What this task involves: In your copy of the data, keep every word exact and include no pictures.

Stored dataset items:
== Segment start ==

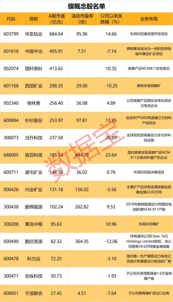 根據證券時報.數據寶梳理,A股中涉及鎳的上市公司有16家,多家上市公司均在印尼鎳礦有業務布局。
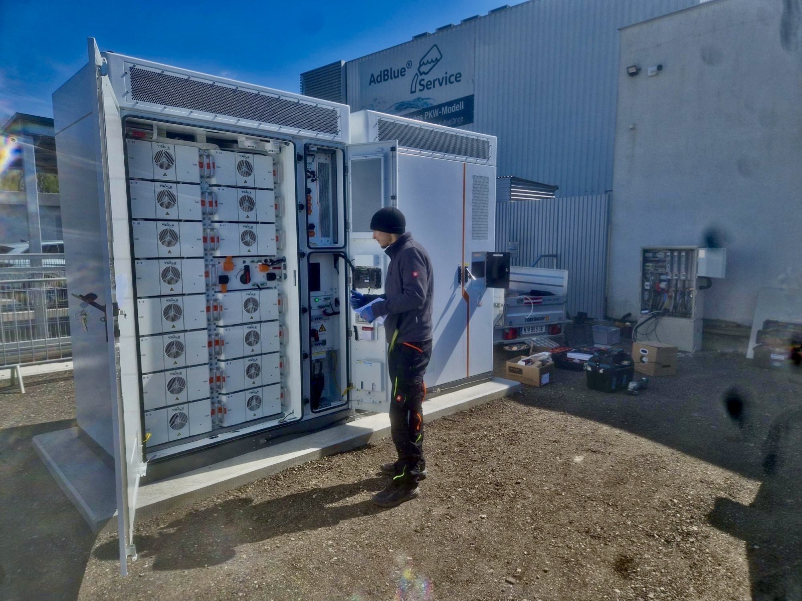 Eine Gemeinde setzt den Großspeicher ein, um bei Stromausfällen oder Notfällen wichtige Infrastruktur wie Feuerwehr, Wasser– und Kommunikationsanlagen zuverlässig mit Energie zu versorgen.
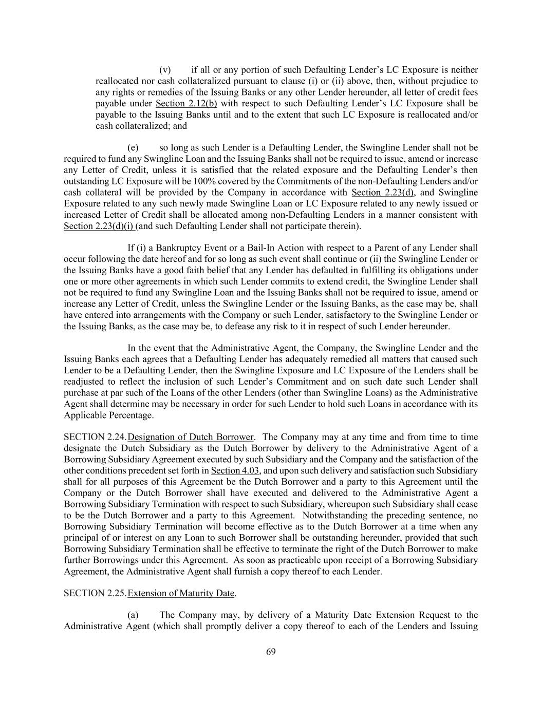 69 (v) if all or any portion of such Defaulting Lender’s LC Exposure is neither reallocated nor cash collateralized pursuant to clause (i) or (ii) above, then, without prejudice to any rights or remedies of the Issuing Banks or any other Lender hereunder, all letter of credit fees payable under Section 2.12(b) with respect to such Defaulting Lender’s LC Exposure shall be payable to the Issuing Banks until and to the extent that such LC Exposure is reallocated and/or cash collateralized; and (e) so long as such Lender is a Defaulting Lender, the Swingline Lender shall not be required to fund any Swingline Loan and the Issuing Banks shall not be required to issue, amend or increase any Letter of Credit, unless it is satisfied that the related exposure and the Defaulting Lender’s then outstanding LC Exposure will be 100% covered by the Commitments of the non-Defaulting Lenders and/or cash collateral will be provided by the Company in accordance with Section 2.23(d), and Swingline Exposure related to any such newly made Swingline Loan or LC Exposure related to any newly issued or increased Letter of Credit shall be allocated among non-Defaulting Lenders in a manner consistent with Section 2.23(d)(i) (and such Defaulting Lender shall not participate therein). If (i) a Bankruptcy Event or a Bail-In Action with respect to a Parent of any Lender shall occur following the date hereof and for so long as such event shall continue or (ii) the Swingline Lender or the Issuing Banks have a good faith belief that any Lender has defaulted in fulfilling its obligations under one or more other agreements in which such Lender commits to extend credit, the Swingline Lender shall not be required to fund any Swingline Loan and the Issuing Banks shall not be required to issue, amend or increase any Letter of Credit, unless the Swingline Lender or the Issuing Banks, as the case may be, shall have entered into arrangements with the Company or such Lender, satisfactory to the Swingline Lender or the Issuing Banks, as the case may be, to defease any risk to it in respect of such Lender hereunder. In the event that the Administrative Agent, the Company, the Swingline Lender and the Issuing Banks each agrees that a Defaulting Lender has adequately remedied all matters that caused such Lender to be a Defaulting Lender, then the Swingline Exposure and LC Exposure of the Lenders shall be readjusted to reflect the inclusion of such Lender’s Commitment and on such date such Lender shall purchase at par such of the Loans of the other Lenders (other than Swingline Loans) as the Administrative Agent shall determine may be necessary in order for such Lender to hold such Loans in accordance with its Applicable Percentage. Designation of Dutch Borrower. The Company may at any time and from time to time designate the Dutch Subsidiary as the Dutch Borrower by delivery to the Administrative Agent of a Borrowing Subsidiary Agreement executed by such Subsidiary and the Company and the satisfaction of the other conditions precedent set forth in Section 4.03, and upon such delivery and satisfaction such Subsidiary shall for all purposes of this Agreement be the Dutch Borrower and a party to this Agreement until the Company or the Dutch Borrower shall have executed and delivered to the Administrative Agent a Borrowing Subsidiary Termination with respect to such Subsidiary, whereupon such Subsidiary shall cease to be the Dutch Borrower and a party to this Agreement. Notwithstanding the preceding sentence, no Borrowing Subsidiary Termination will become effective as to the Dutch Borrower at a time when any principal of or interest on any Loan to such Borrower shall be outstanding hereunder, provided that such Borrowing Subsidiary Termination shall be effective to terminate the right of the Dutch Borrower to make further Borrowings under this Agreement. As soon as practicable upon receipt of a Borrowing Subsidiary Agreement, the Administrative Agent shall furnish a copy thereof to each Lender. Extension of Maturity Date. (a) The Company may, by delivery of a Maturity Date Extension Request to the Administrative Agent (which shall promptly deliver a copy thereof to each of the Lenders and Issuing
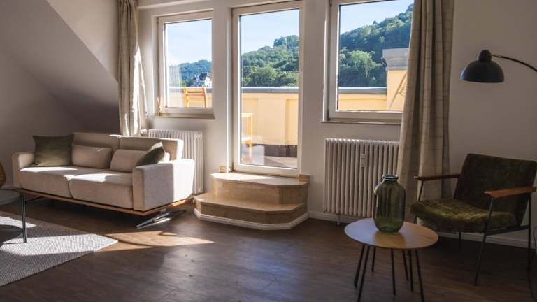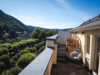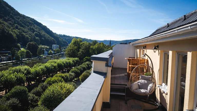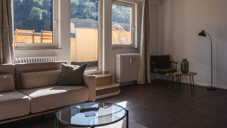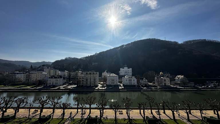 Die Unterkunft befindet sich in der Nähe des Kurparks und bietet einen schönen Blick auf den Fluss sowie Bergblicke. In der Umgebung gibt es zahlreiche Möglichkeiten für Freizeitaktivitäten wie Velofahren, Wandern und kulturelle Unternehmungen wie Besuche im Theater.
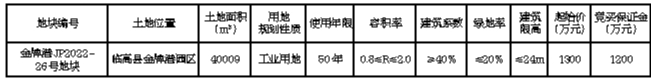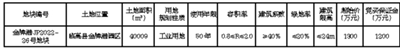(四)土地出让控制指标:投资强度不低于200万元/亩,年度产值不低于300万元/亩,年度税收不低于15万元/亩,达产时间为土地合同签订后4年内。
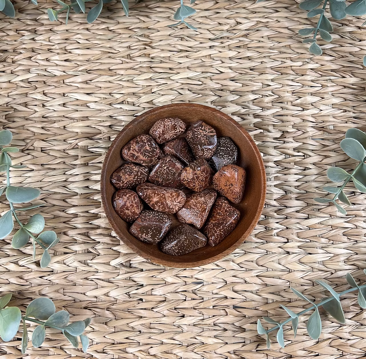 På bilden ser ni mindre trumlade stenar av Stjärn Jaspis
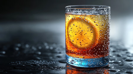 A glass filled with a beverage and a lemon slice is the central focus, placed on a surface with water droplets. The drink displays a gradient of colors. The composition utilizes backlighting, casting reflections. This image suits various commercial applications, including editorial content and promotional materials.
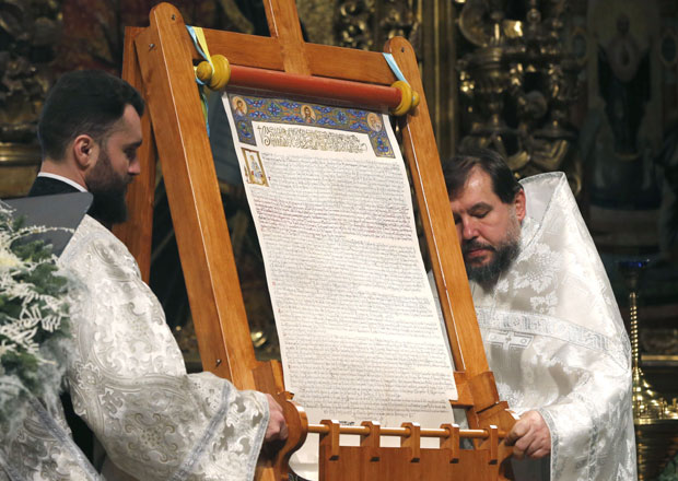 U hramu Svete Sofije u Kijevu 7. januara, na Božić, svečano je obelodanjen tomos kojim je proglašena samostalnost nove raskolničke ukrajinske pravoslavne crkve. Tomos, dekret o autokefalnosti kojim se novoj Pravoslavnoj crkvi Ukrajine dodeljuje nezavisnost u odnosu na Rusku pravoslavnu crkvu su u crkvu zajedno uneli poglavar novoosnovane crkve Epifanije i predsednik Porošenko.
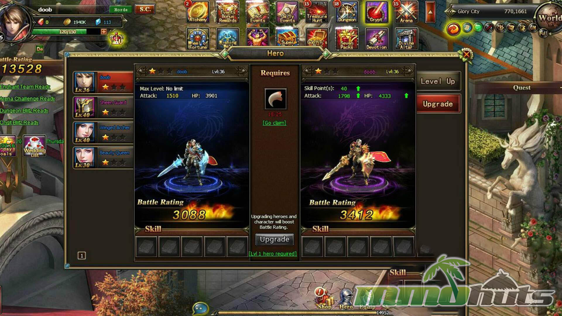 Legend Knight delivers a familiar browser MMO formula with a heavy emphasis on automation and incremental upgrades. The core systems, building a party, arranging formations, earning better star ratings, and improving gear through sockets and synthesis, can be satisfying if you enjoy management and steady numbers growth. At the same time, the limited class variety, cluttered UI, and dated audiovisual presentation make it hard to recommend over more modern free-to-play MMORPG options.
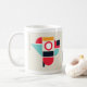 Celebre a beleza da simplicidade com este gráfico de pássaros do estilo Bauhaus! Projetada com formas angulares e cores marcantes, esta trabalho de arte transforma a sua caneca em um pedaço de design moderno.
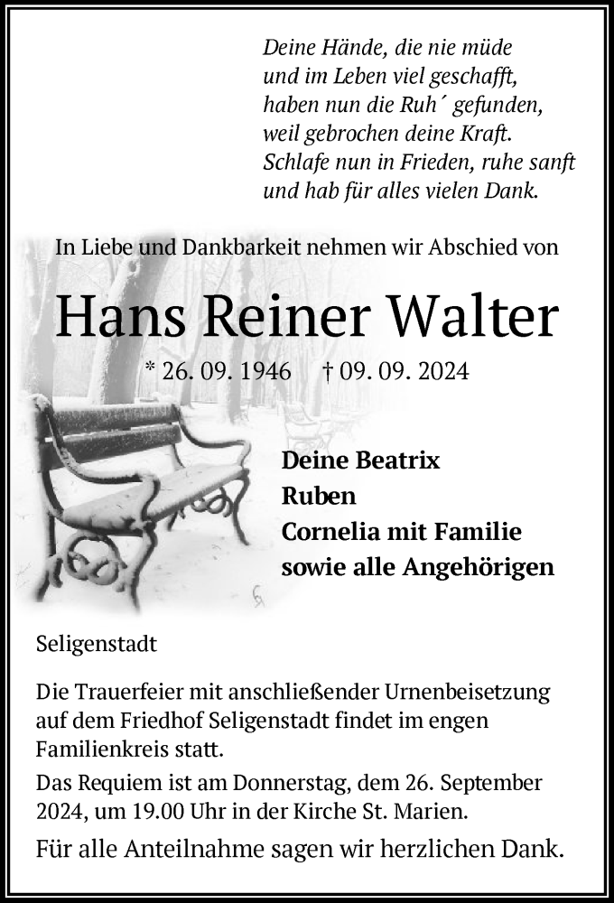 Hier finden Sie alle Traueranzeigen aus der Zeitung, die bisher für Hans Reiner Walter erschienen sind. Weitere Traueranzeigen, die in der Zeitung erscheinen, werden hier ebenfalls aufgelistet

== Segment end ==

Answer to this exercise:
 根據證券時報.數據寶梳理,A股中涉及鎳的上市公司有16家,多家上市公司均在印尼鎳礦有業務布局。
 Eine Gemeinde setzt den Großspeicher ein, um bei Stromausfällen oder Notfällen wichtige Infrastruktur wie Feuerwehr, Wasser– und Kommunikationsanlagen zuverlässig mit Energie zu versorgen.
 69 (v) if all or any portion of such Defaulting Lender’s LC Exposure is neither reallocated nor cash collateralized pursuant to clause (i) or (ii) above, then, without prejudice to any rights or remedies of the Issuing Banks or any other Lender hereunder, all letter of credit fees payable under Section 2.12(b) with respect to such Defaulting Lender’s LC Exposure shall be payable to the Issuing Banks until and to the extent that such LC Exposure is reallocated and/or cash collateralized; and (e) so long as such Lender is a Defaulting Lender, the Swingline Lender shall not be required to fund any Swingline Loan and the Issuing Banks shall not be required to issue, amend or increase any Letter of Credit, unless it is satisfied that the related exposure and the Defaulting Lender’s then outstanding LC Exposure will be 100% covered by the Commitments of the non-Defaulting Lenders and/or cash collateral will be provided by the Company in accordance with Section 2.23(d), and Swingline Exposure related to any such newly made Swingline Loan or LC Exposure related to any newly issued or increased Letter of Credit shall be allocated among non-Defaulting Lenders in a manner consistent with Section 2.23(d)(i) (and such Defaulting Lender shall not participate therein). If (i) a Bankruptcy Event or a Bail-In Action with respect to a Parent of any Lender shall occur following the date hereof and for so long as such event shall continue or (ii) the Swingline Lender or the Issuing Banks have a good faith belief that any Lender has defaulted in fulfilling its obligations under one or more other agreements in which such Lender commits to extend credit, the Swingline Lender shall not be required to fund any Swingline Loan and the Issuing Banks shall not be required to issue, amend or increase any Letter of Credit, unless the Swingline Lender or the Issuing Banks, as the case may be, shall have entered into arrangements with the Company or such Lender, satisfactory to the Swingline Lender or the Issuing Banks, as the case may be, to defease any risk to it in respect of such Lender hereunder. In the event that the Administrative Agent, the Company, the Swingline Lender and the Issuing Banks each agrees that a Defaulting Lender has adequately remedied all matters that caused such Lender to be a Defaulting Lender, then the Swingline Exposure and LC Exposure of the Lenders shall be readjusted to reflect the inclusion of such Lender’s Commitment and on such date such Lender shall purchase at par such of the Loans of the other Lenders (other than Swingline Loans) as the Administrative Agent shall determine may be necessary in order for such Lender to hold such Loans in accordance with its Applicable Percentage. Designation of Dutch Borrower. The Company may at any time and from time to time designate the Dutch Subsidiary as the Dutch Borrower by delivery to the Administrative Agent of a Borrowing Subsidiary Agreement executed by such Subsidiary and the Company and the satisfaction of the other conditions precedent set forth in Section 4.03, and upon such delivery and satisfaction such Subsidiary shall for all purposes of this Agreement be the Dutch Borrower and a party to this Agreement until the Company or the Dutch Borrower shall have executed and delivered to the Administrative Agent a Borrowing Subsidiary Termination with respect to such Subsidiary, whereupon such Subsidiary shall cease to be the Dutch Borrower and a party to this Agreement. Notwithstanding the preceding sentence, no Borrowing Subsidiary Termination will become effective as to the Dutch Borrower at a time when any principal of or interest on any Loan to such Borrower shall be outstanding hereunder, provided that such Borrowing Subsidiary Termination shall be effective to terminate the right of the Dutch Borrower to make further Borrowings under this Agreement. As soon as practicable upon receipt of a Borrowing Subsidiary Agreement, the Administrative Agent shall furnish a copy thereof to each Lender. Extension of Maturity Date. (a) The Company may, by delivery of a Maturity Date Extension Request to the Administrative Agent (which shall promptly deliver a copy thereof to each of the Lenders and Issuing
 Die Unterkunft befindet sich in der Nähe des Kurparks und bietet einen schönen Blick auf den Fluss sowie Bergblicke. In der Umgebung gibt es zahlreiche Möglichkeiten für Freizeitaktivitäten wie Velofahren, Wandern und kulturelle Unternehmungen wie Besuche im Theater.
(四)土地出让控制指标:投资强度不低于200万元/亩,年度产值不低于300万元/亩,年度税收不低于15万元/亩,达产时间为土地合同签订后4年内。
 På bilden ser ni mindre trumlade stenar av Stjärn Jaspis
 A glass filled with a beverage and a lemon slice is the central focus, placed on a surface with water droplets. The drink displays a gradient of colors. The composition utilizes backlighting, casting reflections. This image suits various commercial applications, including editorial content and promotional materials.
 U hramu Svete Sofije u Kijevu 7. januara, na Božić, svečano je obelodanjen tomos kojim je proglašena samostalnost nove raskolničke ukrajinske pravoslavne crkve. Tomos, dekret o autokefalnosti kojim se novoj Pravoslavnoj crkvi Ukrajine dodeljuje nezavisnost u odnosu na Rusku pravoslavnu crkvu su u crkvu zajedno uneli poglavar novoosnovane crkve Epifanije i predsednik Porošenko.
 Legend Knight delivers a familiar browser MMO formula with a heavy emphasis on automation and incremental upgrades. The core systems, building a party, arranging formations, earning better star ratings, and improving gear through sockets and synthesis, can be satisfying if you enjoy management and steady numbers growth. At the same time, the limited class variety, cluttered UI, and dated audiovisual presentation make it hard to recommend over more modern free-to-play MMORPG options.
 Celebre a beleza da simplicidade com este gráfico de pássaros do estilo Bauhaus! Projetada com formas angulares e cores marcantes, esta trabalho de arte transforma a sua caneca em um pedaço de design moderno.
 Hier finden Sie alle Traueranzeigen aus der Zeitung, die bisher für Hans Reiner Walter erschienen sind. Weitere Traueranzeigen, die in der Zeitung erscheinen, werden hier ebenfalls aufgelistet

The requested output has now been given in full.